На последнем этапе, помогая надеть объёмную серую толстовку, её пальцы на секунду задержались, аккуратно, почти нежно заправляя мокрую тяжёлую прядь синих волос за изгиб нового, остроконечного уха Оли. Та инстинктивно напряглась, ожидая отвращения — своего или чужого.

Но вместо этого услышала:

— У тебя красивые уши, — вдруг сказала Макси, её голос прозвучал тише, приглушённее, но всё так же ровно, будто она констатировала факт из учебника анатомии. — Чёткая линия, изящный изгиб. Тебе идёт. У меня тоже такие. Когда-то я думала, что это клеймо. Теперь это просто часть ландшафта. Не красиво, не уродливо. Просто есть. И это уже много.

Оля вздрогнула. Она ожидала гримасы отвращения, которую сама видела в зеркале. Ждала, что её новое тело будет прочитано как ошибка, уродство, клеймо. Вместо этого прозвучала констатация геометрического факта. «Красивые уши» — не как оценка, а как данные. Это было так неожиданно, что внутри что-то болезненно дрогнуло и… отпустило. Не нужно было ненавидеть эту часть себя. Её можно было просто принять в расчёт, как погоду. Это был первый урок новой арифметики выживания.

— Спасибо, — выдохнула она, и слово вышло шероховатым, ржавым от неиспользования.

Когда они вышли на кухню, Серёга уже превратил её в настоящий островок нормальности посреди хаоса. На столе, застеленном чистой газетой с кроссвордом, дымилась большая картонная коробка с пиццей. Рядом стояли три простые одинаковые тарелки, лежали бумажные салфетки.

Воздух, ещё недавно звеневший тревогой и озоном разорванной реальности, теперь был густым, тяжёлым и тёплым от аромата томатного соуса, орегано и расплавленной моцареллы — простого, бесхитростного, абсолютно земного пира. Этот запах был таким осязаемым, таким грубым и честным, что казалось, им можно было умыться, смывая с себя липкую паутину страха.

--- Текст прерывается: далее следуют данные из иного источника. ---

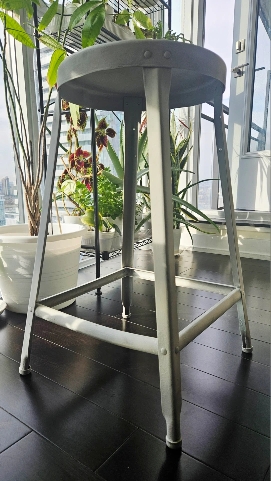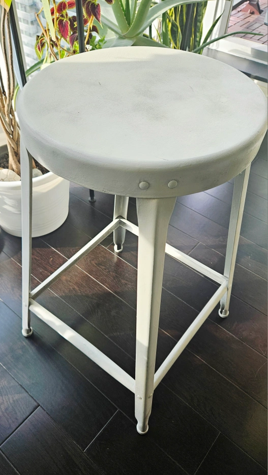 Selling a sturdy metal bar stool in a neutral white/grey colour. It's perfect for adding some extra seating to your kitchen or bar area. This stool is in great shape and ready for a new home!

— Ну что, приступим? — Серёга кивнул на коробку, и в его глазах мелькнула тёплая искорка, такая человеческая и простая, что у Оли снова защемило под рёбрами. — Силы восстанавливать надо. Обмен веществ после пробуждения работает на износ, как турбина. Топливо нужно качественное и в объёме.

Оля села за стол, всё ещё скованно, будто её тело было сделано из хрупкого стекла. Макси поставила перед ней высокую керамическую кружку, откуда поднимался лёгкий, струящийся пар с чистым, холодным запахом мяты и сладковатым оттенком ромашки.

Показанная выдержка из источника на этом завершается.